Lai est la dernière et la plus importante victime du PCC. Le chercheur américain Perry Link a décrit l'idée de loi du PCC comme un anaconda dans un lustre. Lai est né en Chine mais s'est échappé à Hong Kong à l'âge de 12 ans en tant que passager clandestin sans le sou. Il a travaillé dans une usine de vêtements, a gagné suffisamment pour lancer sa propre entreprise et a fondé la chaîne internationale de magasins de mode Giordano.

Lai n'a jamais oublié que c'est la liberté et l'État de droit qui lui ont permis, ainsi qu'à d'autres, de prospérer. Il dénonce le mépris du communisme à l'égard de ces deux éléments. Après le massacre des manifestants sur la place Tiananmen et ailleurs en Chine en 1989, il a critiqué directement le premier ministre chinois de l'époque, Li Peng. En conséquence, sa maison et ses entreprises ont été attaquées et bombardées par les militants communistes du Front uni et leurs compagnons de voyage dans les triades criminelles de Hong Kong.
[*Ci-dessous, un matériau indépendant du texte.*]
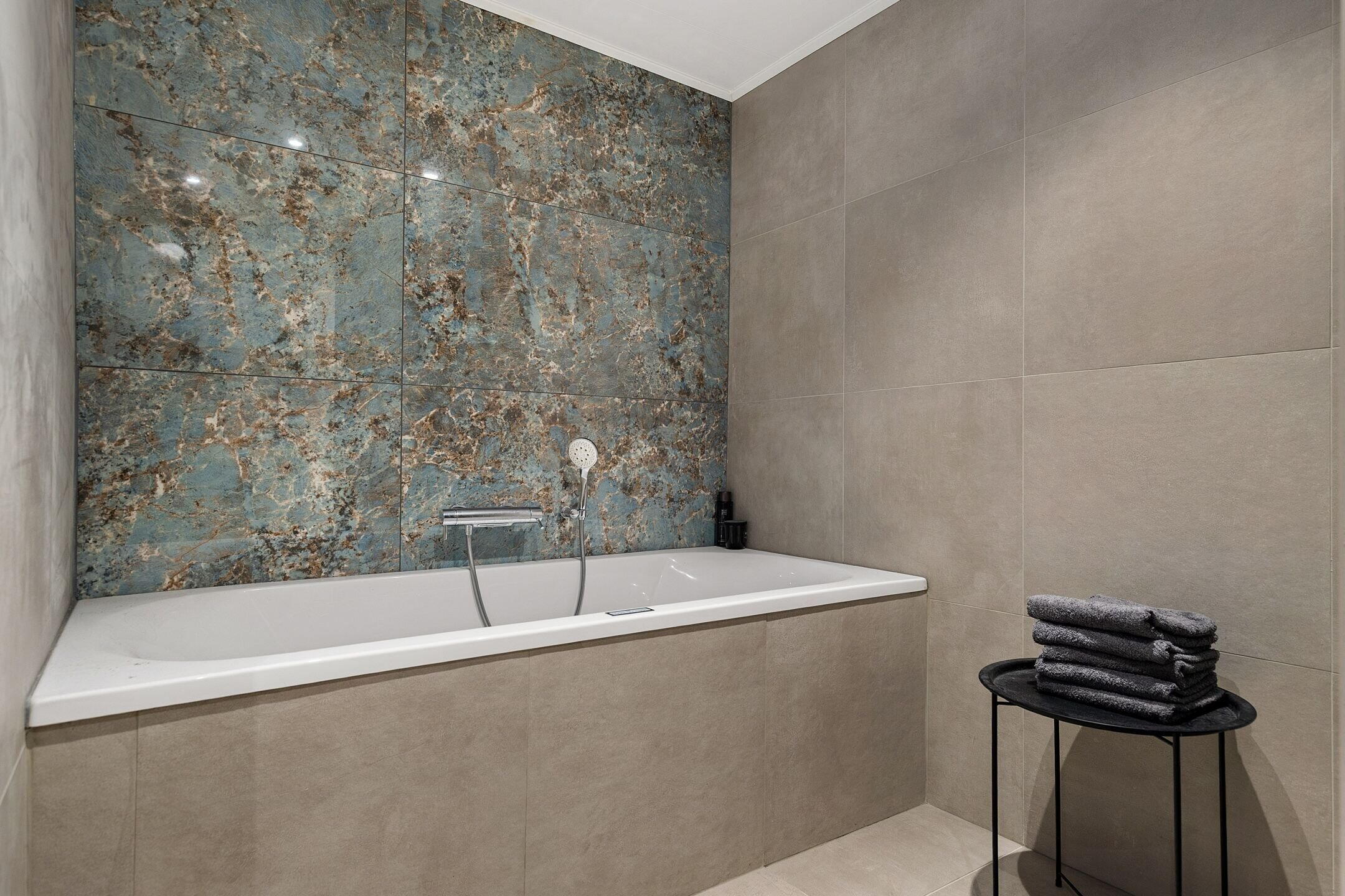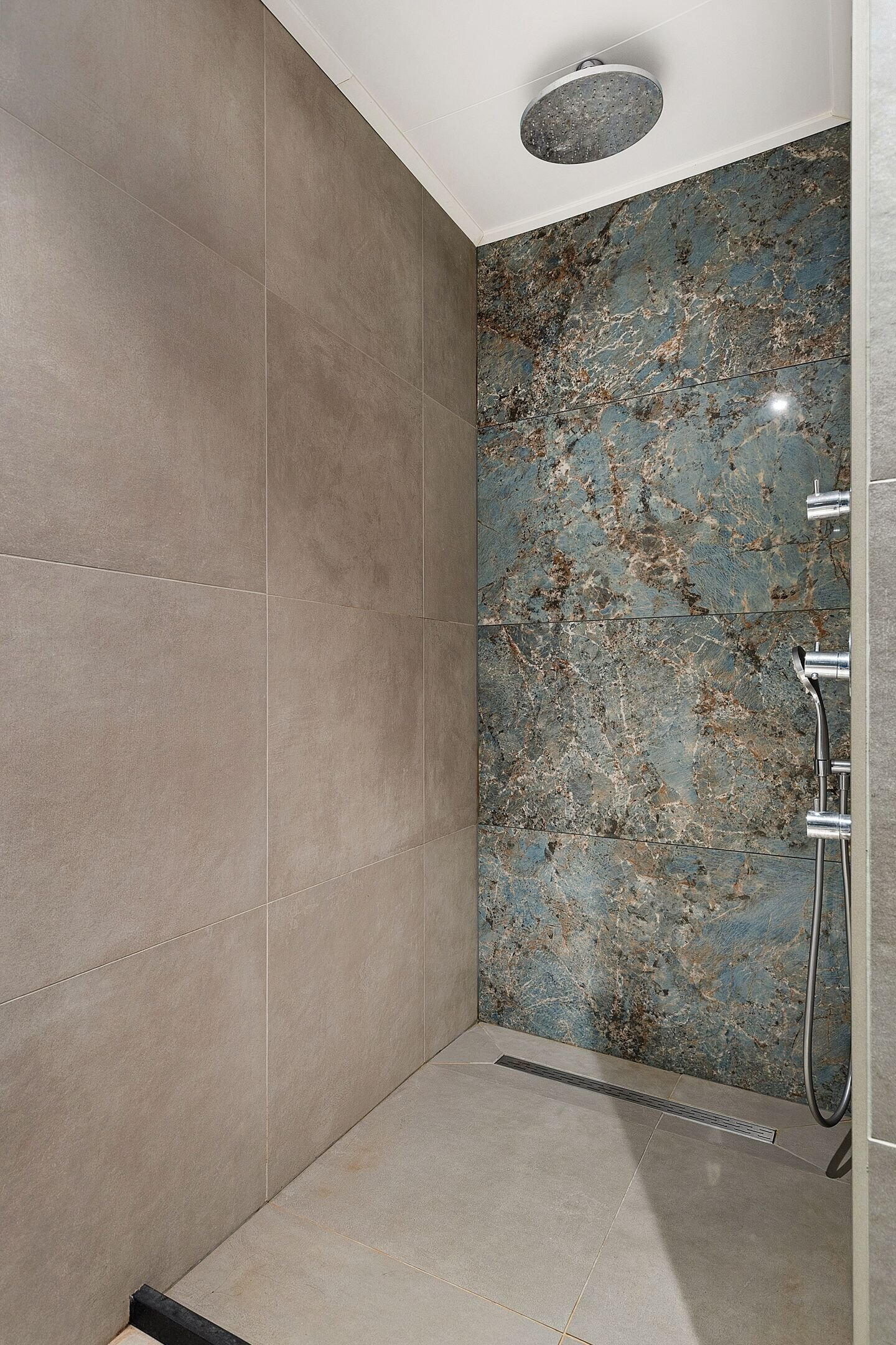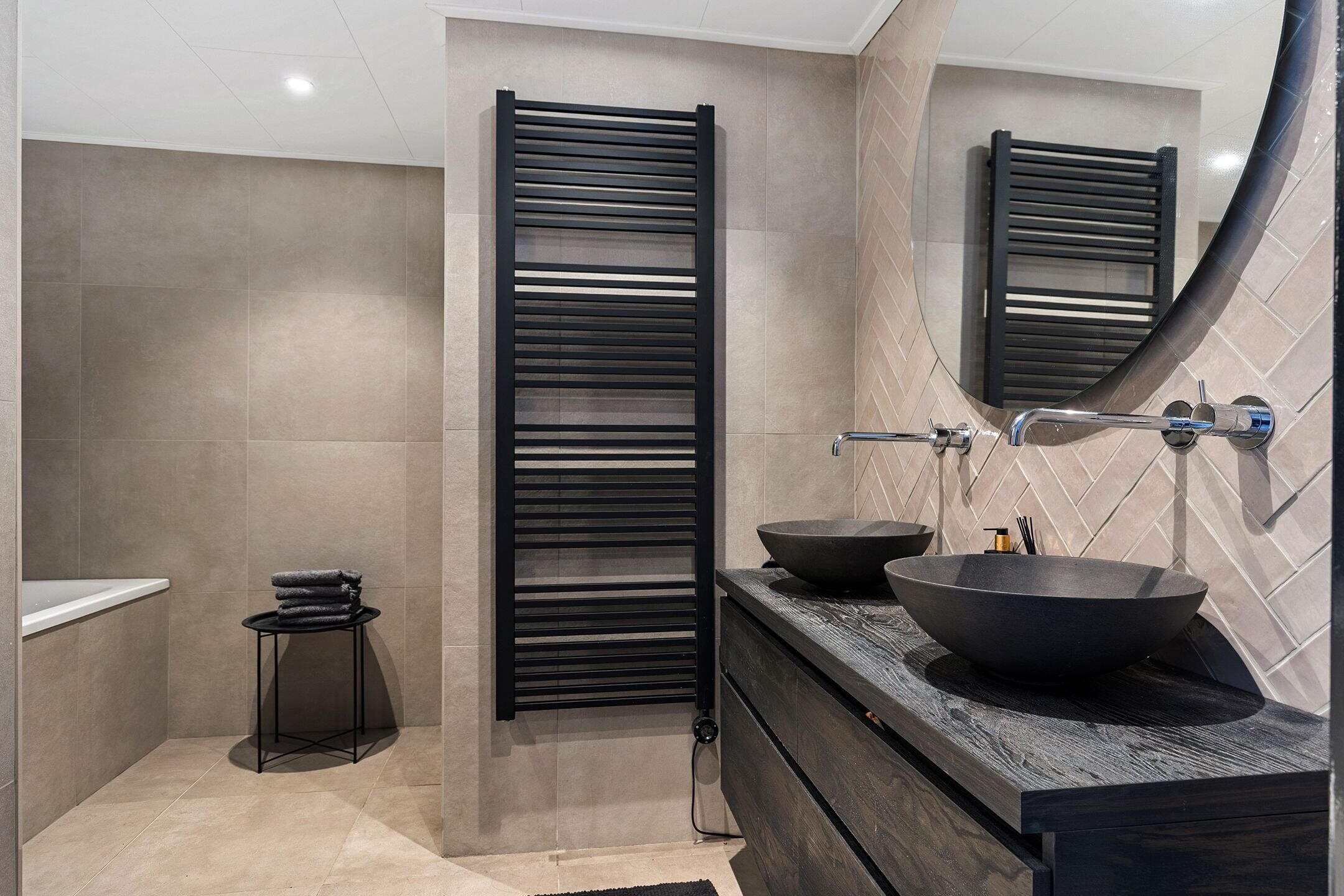 - Dubbele wastafel, inloopdouche, toilet, en whirlpool
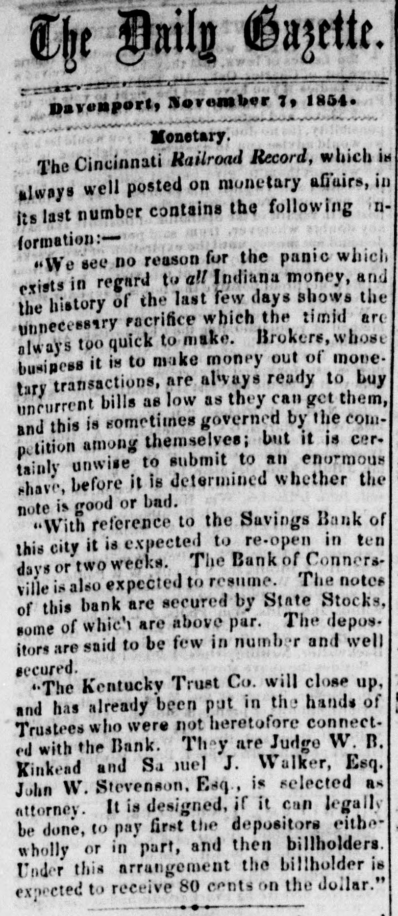 The Daily Bazette. Davenport, November 7, 1854. Monetary. The Cincinnati Railroad Record, which is always well posted on monetary affairs, in its last number contains the following nformation:"We see no reason for the panic which exists in regard to all Indiana money, and the history of the last few days shows the unnecessary Facrifice which the timid are always too quick to make. Brokers, whose business it is to make money out of monetary transactions, are always ready to buy uncurrent bills as low as they can get them, and this is sometimes governed by the competition among themselves; but it is certainly unwise to submit to an enormous shave, before it is determined whether the note is good or bad. "With reference to the Savings Bank of this city it is expected to re-open in ten days or two weeks. The Bank of Connersville is also expected to resume. The notes of this bank are secured by State Stocks, some of which are above par. The depos. itors are said to be few in number and well secured. "The Kentucky Trust Co. will close up, and has already been put in the hands of Trustees who were not heretofore connected with the Bank. They are Judge W. B. Kinkead and Sa uel J. Walker, Esq. John W. Stevenson, Esq., is selected as attorney. It is designed, if it can legally be done, to pay first the depositors either wholly or in part, and then billholders. Under this arrangement the billholder is expected to receive 80 cents on the dollar."

Contraint de mettre fin à son activité de confection, Lai a créé un groupe de magazines et de journaux extrêmement populaire. Il soutient fermement la démocratie et ne tempère jamais ses critiques à l'égard du communisme chinois. Catholique fervent, Lai considérait Hong Kong comme son foyer et était déterminé à rester et à se battre pour la ville qu'il aimait.

Pour ses délits de principe et de courage, ainsi que son refus de renoncer à ses convictions, Lai a été la cible du PCC. Cependant, l'emprisonnement est souvent un moyen d'ennoblir les combattants pour la démocratie et de renforcer le soutien à leur cause. Pensez à Martin Luther King, Jr, Nelson Mandela ou Václav Havel. Maintenant, pensez à Jimmy Lai, mon homme de l'année.